Final answer:
The expected frequency of Ab gametes from an F1 heterozygous individual AaBb when loci 'a' and 'b' are 10 cM apart is 5%, since this represents the recombinant gametes due to a 10% recombination frequency between the loci.
Step-by-step explanation:
The expected frequency of Ab gametes produced from the heterozygous F1 individual with genotype AaBb, when loci "a" & "b" are 10 cM apart, can be found using the concept of genetic linkage and recombination. In this case, 10 cM (centiMorgans) distance indicates that there is a 10% chance of recombination between the two loci per generation. Thus, since the loci are partially linked, the expected frequency of the recombinant Ab gamete would be 10% of the total gametes produced.
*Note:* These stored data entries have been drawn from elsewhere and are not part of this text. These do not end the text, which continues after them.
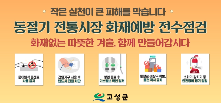 ![]() 고성군, 동절기 전통시장 화재예방 전수점검 |
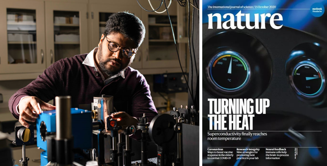 美国纽约罗切斯特大学的物理学家Ranga Dias教授在美国物理学年会上报告了最新研究成果,用氢,氮和镥制成的材料,混合钻石对顶砧装置中,通过改变压力,并测量化合物中的电阻。研究表明在约294 K(21℃)的温度下,这种材料似乎失去了任何对电流的阻力。但仍然需要10 千巴的压力,大约是我们大气压力的10000倍。但这远远低于在室温附近工作的超导体通常需要的数百万个大气压。如果得到证实,这将使该材料在实际应用中更有希望。如果这一成果获得证实,或将预定诺奖。2020年10月14日,《自然》封面介绍了罗彻斯特大学发表的一篇重磅论文,纽约罗切斯特大学的物理学家Ranga Dias与Salamat等合作者一起创造出一种氢化物材料,首次在高达15℃的温度下,观察到常温超导现象。这是高温超导材料的全新记录,这一突破性进展也代表着,人类向着长久以来希望创造出具有最优效率电力系统的目标又迈近了一步。文章一经发表,立刻引发全球关注,同期Science发表了“At last, room temperature superconductivity achieved”的评论,赞叹“终于实现了室温超导”。
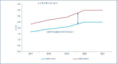 最重要的是,液化天然氣的進(jìn)口量會(huì)受到接收站能力的限制。在過(guò)去的兩個(gè)冬季我們已經(jīng)看到北方一些接收站超負(fù)荷運(yùn)行,北方冬季液化天然氣進(jìn)口能力已經(jīng)受到了接收站能力的制約。
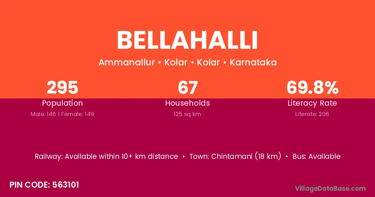 Gubbi (24 km) is the nearest town to Bellahalli village for major economic activities and is located approximately 24 km away.
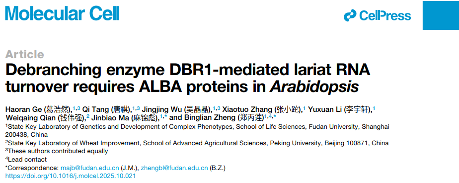 2025年11月20日,郑丙莲教授、麻锦彪教授共同在Molecular Cell发表了题为“Debranching enzyme DBR1-mediated lariat RNA turnover requires ALBA proteins in Arabidopsis”的研究论文。该研究系统地鉴定了DBR1介导的套索RNA降解的关键辅因子ALBA蛋白家族。研究结果发现ALBA蛋白通过双重机制促进套索RNA代谢:一方面增强DBR1酶活,另一方面辅助其识别套索RNA,从而维持套索RNA的代谢稳态和生物个体的正常发育。
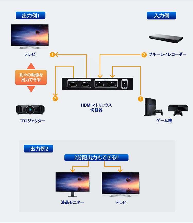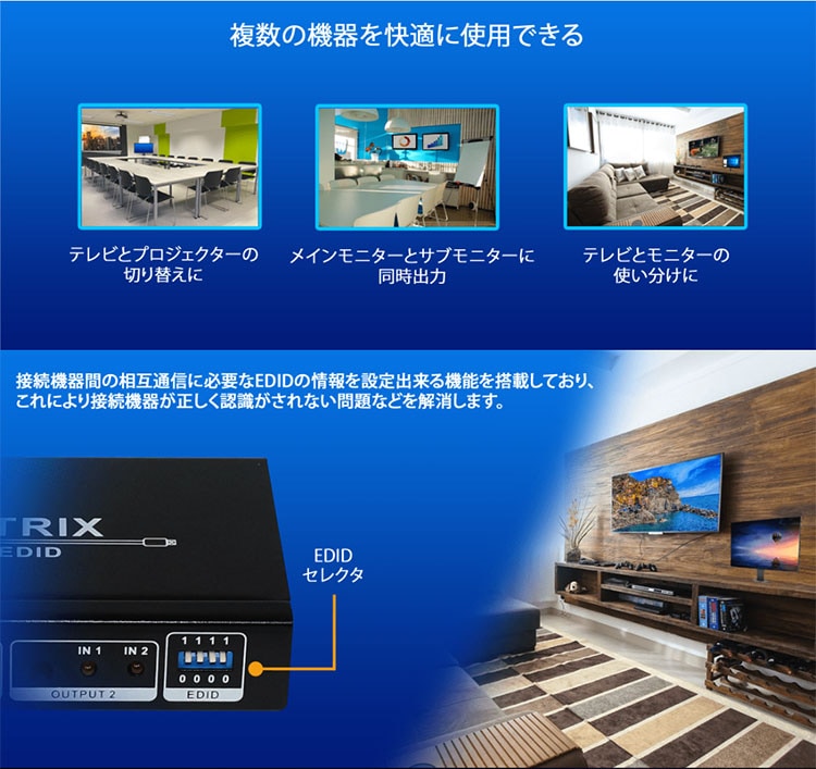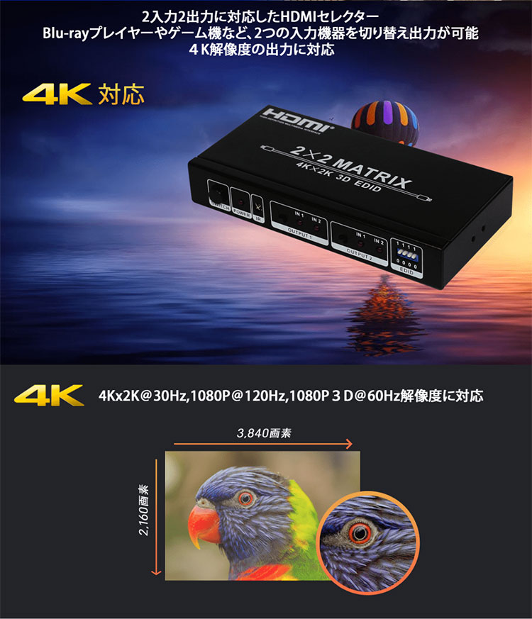 | HDMIバージョン | 1.4a with full 3D and 4K , 入力HDCP1.4, 出力HDCP1.4a |
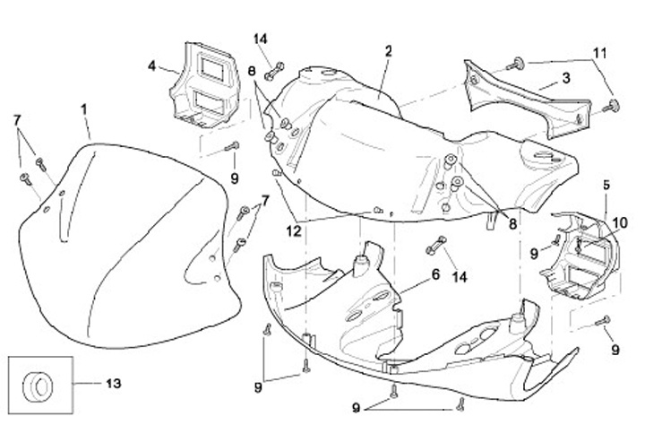 Semak berulir untuk kaca depan kokpit -PIAGGIO- Gilera DNA, Runner (dari tahun 2006), Piaggio NRG Extreme, NRG MC3, NRG Power
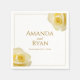 Serviettes mariage florales de rose jaune moderne // Cette serviette mariage moderne à fleurs est idéale pour votre décoration mariage. Un élégant décor de table avec deux belles roses jaunes dans deux coins. Le texte est un script moderne. L'arrière - plan est blanc. Vous pouvez facilement customiser tout le texte - personnalisez-le avec le nom de la mariée, le nom du marié et la date. Ces serviettes accompagnent d'autres articles de la collection de mariages bleu nuit rose jaune.
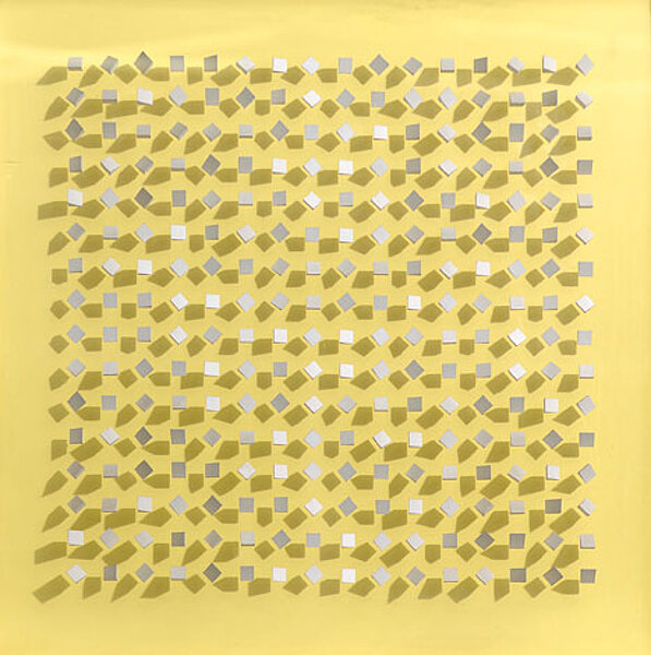 Since the 1960s, Staudt has produced a number of systematic, constructive works using a semi-relief form and monochrome colours. In these works he arranges individual geometrical shapes on a flat background to produce serial structures. Often the compositional micro-element in these early pieces is the cube, the three-dimensional equivalent of the square, or a partial form created by its analysis. Periphere Verdichtung [Peripheral Aggregation] dating from 1965/67 belongs to this group of works. Set against a yellow rear panel, a total of 16 x 16 cubic segments of wood have been arranged to form a square relief. A transparent sheet of Perspex closes off the work at the front to form a showcase. The prismatic forms have been distributed at equal intervals. They come in eight different heights, increasing to the left and right margins, and thus aggregating at the periphery. Klaus Staudt has painted the wooden elements completely in white, a non-colour he was particularly fond of in his early work on account of its immateriality and its openness as regard content. The cubic segments alter their position in space according to a specific system, and cast strong shadows on the yellow background. This play of light and shade shapes the space and brings out fine tonal nuances, and as in all of the artist's reliefs is an intrinsic part of the work. The wooden elements have been placed at some remove from the rear wall so that, weightless and without anchor, they seem to float silently in the showcase. It is Staudt's secret just how he achieves this fascinating effect. (Barbara Willert)
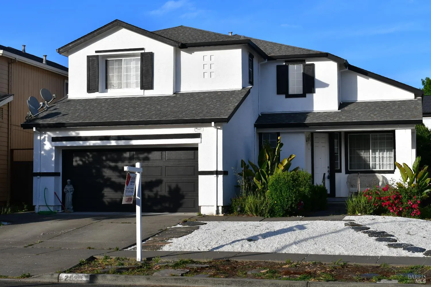 Come home to this beautiful house with vaulted ceilings and plenty of room for entertaining. The large primary bedroom is complemented with an open master bath and walk in closet. In addition to the 3 beds and 2 baths upstairs, the home features a downstairs bedroom/office with full bath. Separate family and living rooms give way to all kinds of options. Very spacious back yard, close to park, shopping area and freeway access.
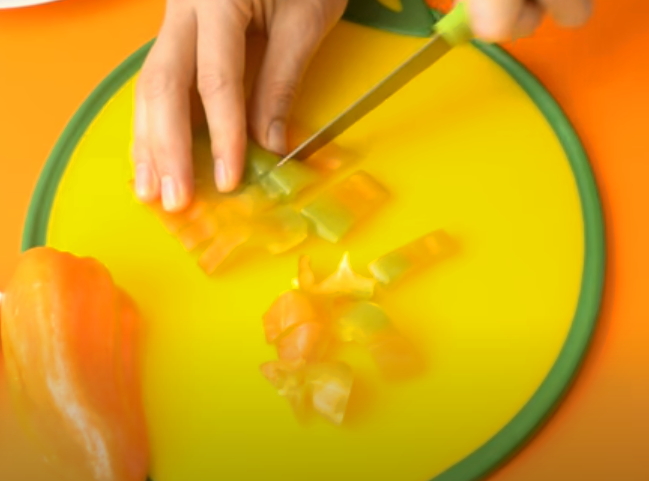 - Peper (bij voorkeur geel of oranje), schil van zaden en stengels, snij in blokjes en doe in een gewone container.

Under Mendelian inheritance with no linkage, you would expect a 1:1:1:1 ratio of the gametes (AB, Ab, aB, ab). However, the presence of linkage alters the expected ratios. Parental gametes (AB and ab) are more frequent than recombinant gametes (Ab and aB) due to the linkage between the loci. The exact proportion of the recombinant gametes depends on the frequency of crossing over events that occur between the linked genes during meiosis.
Given that Ab is a recombinant genotype, resulting from recombination, we can expect 5% of the gametes to be Ab and another 5% to be aB, reflecting the 10% recombination frequency. Therefore, out of 100 gametes, we can expect approximately 5 to be of the Ab type.